Basil McCrea parties with Tina McKenzie while NI21 falls apart with resignation of its only councillor

Basil McCrea in Periscope during the party at Tina McKenzie's house.
Basil McCrea in Periscope during the party at Tina McKenzie's house.
Johnny McCarthy announced he has quit the NI21 political party

By Rebecca Black and Jonny Bell

NI21 leader Basil McCrea shared video footage of him partying at ex-chairwoman Tina McKenzie's home last night - while the political party fell apart with the shock resignation of its only councillor.

On Tuesday Johnny McCarthy, the only member of NI21 to be elected under its banner, announced his decision to leave the party.

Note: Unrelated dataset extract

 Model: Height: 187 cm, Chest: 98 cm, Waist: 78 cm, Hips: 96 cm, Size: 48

The Lisburn councillor said he would remain as an independent for his council term before deciding on his political future.

Hours later, party founder Basil McCrea took to live-streaming social network Periscope to broadcast video footage of a Christmas party at the home of Ms McKenzie.

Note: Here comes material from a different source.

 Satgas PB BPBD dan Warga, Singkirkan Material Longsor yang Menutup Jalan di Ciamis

She publicly quit NI21 on election day 2014, just an hour before voting closed, as she ran for the European Parliament.

"Just wanted to show you that we in Northern Ireland know how to party," said Mr McCrea in a broadcast entitled 'Storm Frank rages outside but inside there's a party #CurtainCall'.

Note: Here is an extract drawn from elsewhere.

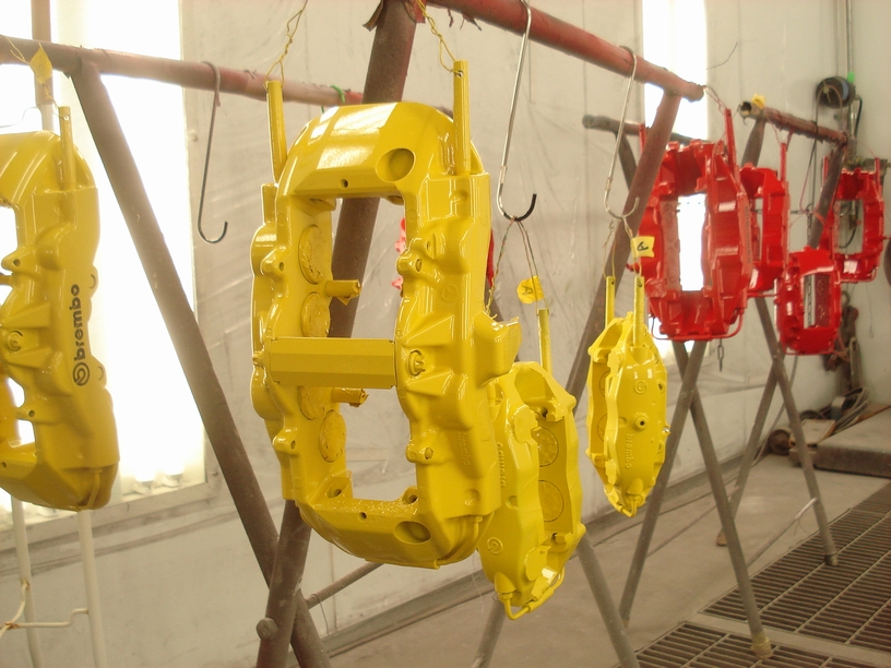 ただ「一日でこんなに塗るんじゃさぞ儲かるんじゃ…」はちょっとした勘違いでして(苦笑)、手前のイエローのキャリパーはいつものブレーキ屋さんからの依頼ですから私が頂くお金は微々たるもので(苦)、奥の赤いキャリパーは私のお客さん(業者さん)からのご依頼品ですが、こちらもサンドブラスト処理(旧塗膜剥離)から清掃・マスキングまでの一番大変な作業はブレーキ屋さんにお願いしていていますから当然費用(外注費)は発生しています。 キャリパー4個の下地処理分での私の儲けは¥8,000だけですからとてもボッたくれる余地はありません(苦)。

He panned his phone around to show revellers enjoying a large spread of food and drink while a band plays.

At one stage the 56-year-old handed his phone to a fellow party-goer to film him dancing.

At one point in the footage, Ms McKenzie refers to "Basil's traumatic day".

In order to talk with his followers - and to get a better signal - the former Ulster Unionist retreated to the living room, complete with real Christmas tree which Ms McKenzie boasts about, to answer their questions.

Some of those watching asked about Johnny McCarthy's announcement.

With the party in full swing in the background, Mr McCrea replied: "It's a wee bit late for politics.

"As far as Johnny is concerned, he has made his decision and we respect his decision and that's the end of it and we wish him well for the future."

One of those tuning in was the late Lord Bannside's son Kyle Paisley, who asked if the party was a person short.

"We've already covered that Kyle," said Mr McCrea.

The series of broadcasts ended when he was told to put the "phone down and dance".

He did, however, promise a "proper periscope" on Wednesday night.

Johnny McCarthy won a council seat in Lisburn last year.

Mr McCarthy said he felt resigning was the right thing to do, but has not elaborated on his reasons. It is understood it may centre around disagreements with the party's leader.

But his resignation means NI21 now has just one representative - its founder, Mr McCrea. He was elected as an MLA in 2007 and re-elected in 2011 as a member of the UUP.

NI21 was set up in 2013 by Mr McCrea and Mr McCallister after they left the UUP in opposition to the then-leader Tom Elliott's decision to enter into an electoral pact with the DUP for the Mid Ulster by-election.

The fledgling party contested a number of seats in the European and local government elections in 2014. However, a public spat between Mr McCrea, Mr McCallister and Ms McKenzie overshadowed their efforts.

Mr McCallister quit in July 2014 after backing an investigation into allegations of inappropriate behaviour against Mr McCrea.

Stormont's Standards and Privileges Committee is investigating the allegations against Mr McCrea. It is understood a report will be published in February.

Mr McCarthy's election in Lisburn was the party's only success despite targeting several seats.

Yesterday morning he announced he was leaving NI21.

He tweeted: "After a long period of consideration, I have decided to leave NI21. I regret having to make this decision and wish the party well."

Mr McCarthy added he plans to remain an independent councillor until the end of his term, but has not made any further decisions after that about whether or not he will remain in politics.

In a Facebook update, he said: "Serious post for once. After a long period of consideration I have decided to leave NI21. I feel I can work better outside of the party. Some people may wonder why I have stayed as long as I did and it is because I fully believed in the idea of NI21 and the need for a party that is non-sectarian and promotes the use of evidence to create policy and not ideology. I do regret having to come to this decision but it is the right thing for me to do."

In a light-hearted sign-off, he added: "Now has anyone got the DUP's number?"

Mr McCarthy did not respond to attempts to contact him yesterday. He said he had no comment to make on the matter.